# PROVIDED ENTRIES:
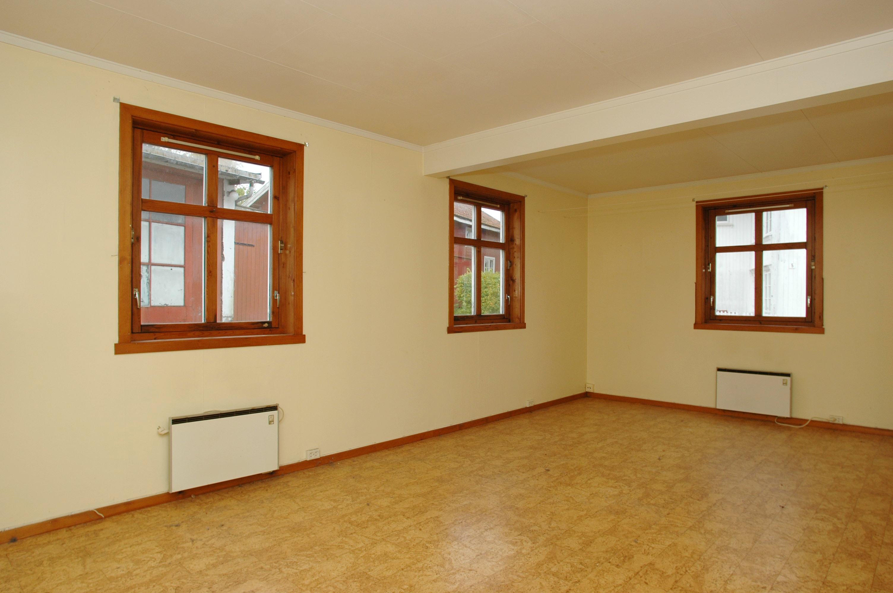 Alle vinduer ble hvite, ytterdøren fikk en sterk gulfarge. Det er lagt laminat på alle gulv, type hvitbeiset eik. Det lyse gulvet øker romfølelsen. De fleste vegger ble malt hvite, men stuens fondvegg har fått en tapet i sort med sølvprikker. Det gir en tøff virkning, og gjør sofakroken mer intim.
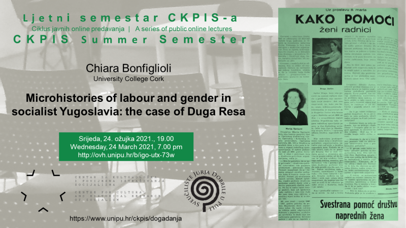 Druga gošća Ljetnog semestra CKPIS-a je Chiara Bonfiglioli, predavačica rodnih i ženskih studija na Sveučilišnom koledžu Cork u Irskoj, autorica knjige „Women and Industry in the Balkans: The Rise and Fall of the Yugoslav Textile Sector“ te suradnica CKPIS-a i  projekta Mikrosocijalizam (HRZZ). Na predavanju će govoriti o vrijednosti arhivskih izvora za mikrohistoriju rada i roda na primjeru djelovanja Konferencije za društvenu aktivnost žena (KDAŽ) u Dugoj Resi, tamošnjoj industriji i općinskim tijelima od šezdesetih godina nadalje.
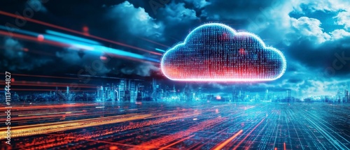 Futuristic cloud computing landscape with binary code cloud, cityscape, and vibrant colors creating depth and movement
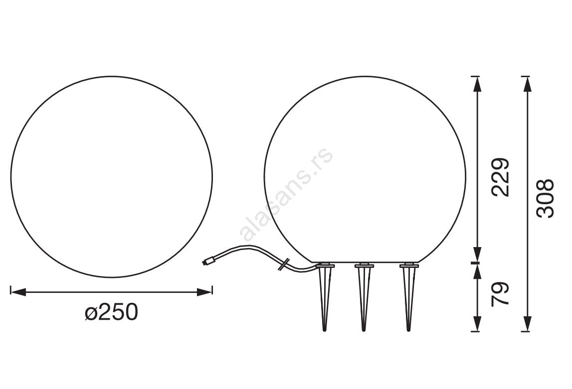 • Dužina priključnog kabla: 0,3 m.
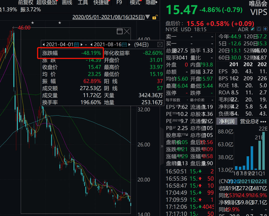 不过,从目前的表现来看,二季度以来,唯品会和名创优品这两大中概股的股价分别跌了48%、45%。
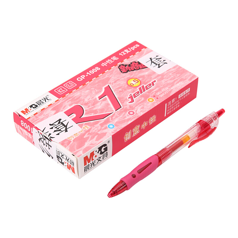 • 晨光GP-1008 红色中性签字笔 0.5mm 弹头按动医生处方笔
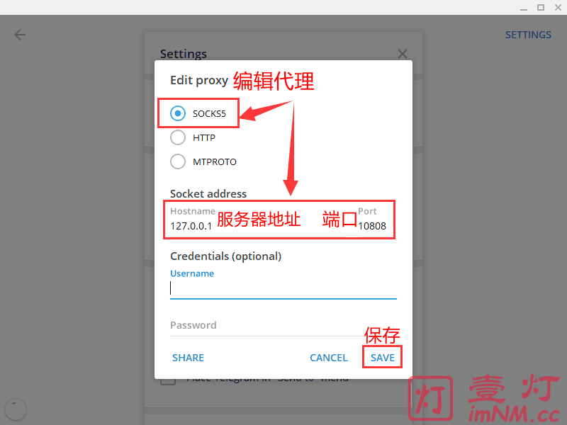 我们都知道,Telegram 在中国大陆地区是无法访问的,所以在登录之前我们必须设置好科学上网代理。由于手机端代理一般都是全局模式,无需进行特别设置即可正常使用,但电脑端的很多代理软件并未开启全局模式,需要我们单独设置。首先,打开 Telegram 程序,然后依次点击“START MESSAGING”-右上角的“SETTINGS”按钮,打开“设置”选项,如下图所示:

---

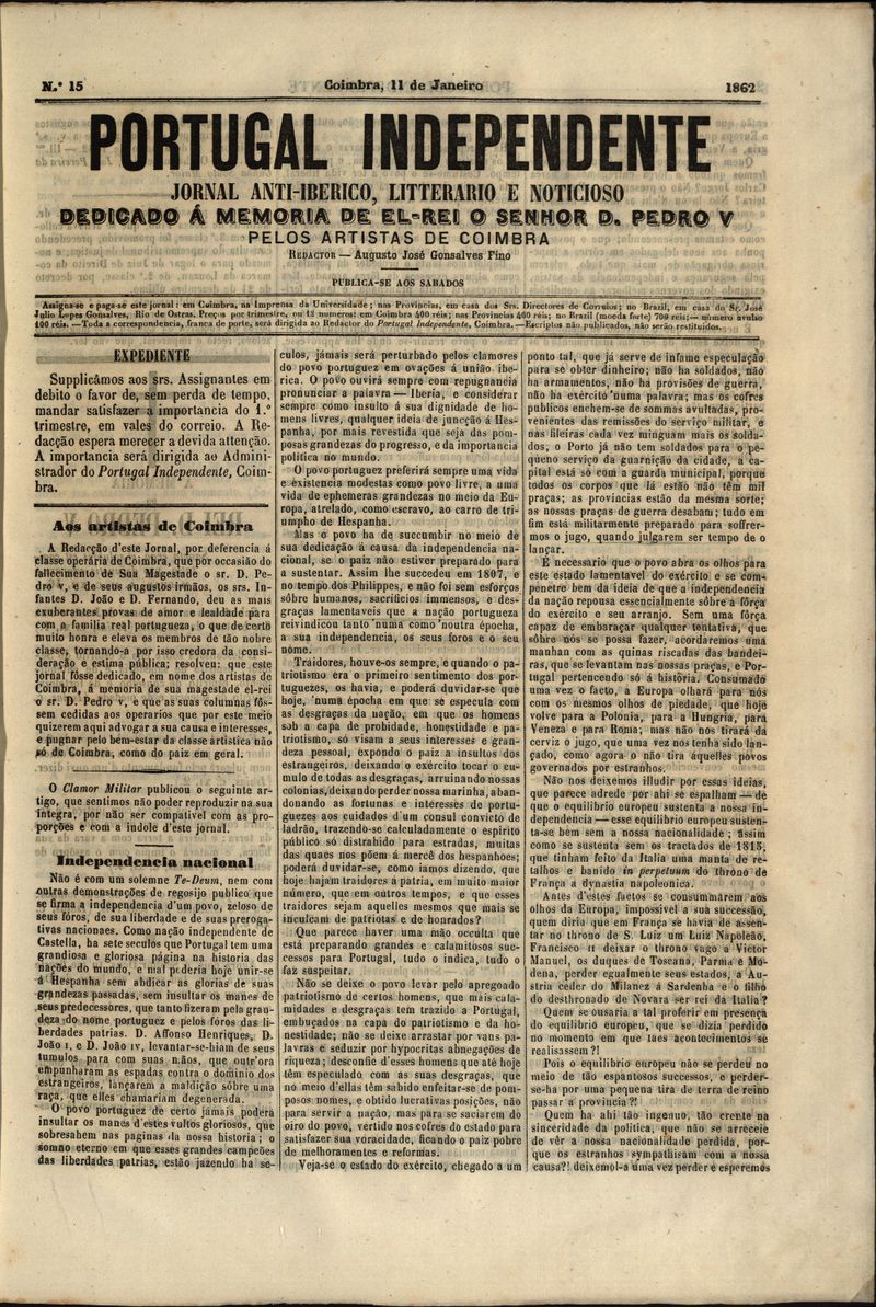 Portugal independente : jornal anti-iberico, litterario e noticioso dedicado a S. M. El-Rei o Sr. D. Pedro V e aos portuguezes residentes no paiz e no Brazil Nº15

# PROBLEM:
Here the job is to copy the listing above word for word, starting at the line with "Alle vinduer ble" and ending at the line with "Druga gošća Ljetnog", and to leave out the pictures.

# RESULT:
 Alle vinduer ble hvite, ytterdøren fikk en sterk gulfarge. Det er lagt laminat på alle gulv, type hvitbeiset eik. Det lyse gulvet øker romfølelsen. De fleste vegger ble malt hvite, men stuens fondvegg har fått en tapet i sort med sølvprikker. Det gir en tøff virkning, og gjør sofakroken mer intim.
 Druga gošća Ljetnog semestra CKPIS-a je Chiara Bonfiglioli, predavačica rodnih i ženskih studija na Sveučilišnom koledžu Cork u Irskoj, autorica knjige „Women and Industry in the Balkans: The Rise and Fall of the Yugoslav Textile Sector“ te suradnica CKPIS-a i  projekta Mikrosocijalizam (HRZZ). Na predavanju će govoriti o vrijednosti arhivskih izvora za mikrohistoriju rada i roda na primjeru djelovanja Konferencije za društvenu aktivnost žena (KDAŽ) u Dugoj Resi, tamošnjoj industriji i općinskim tijelima od šezdesetih godina nadalje.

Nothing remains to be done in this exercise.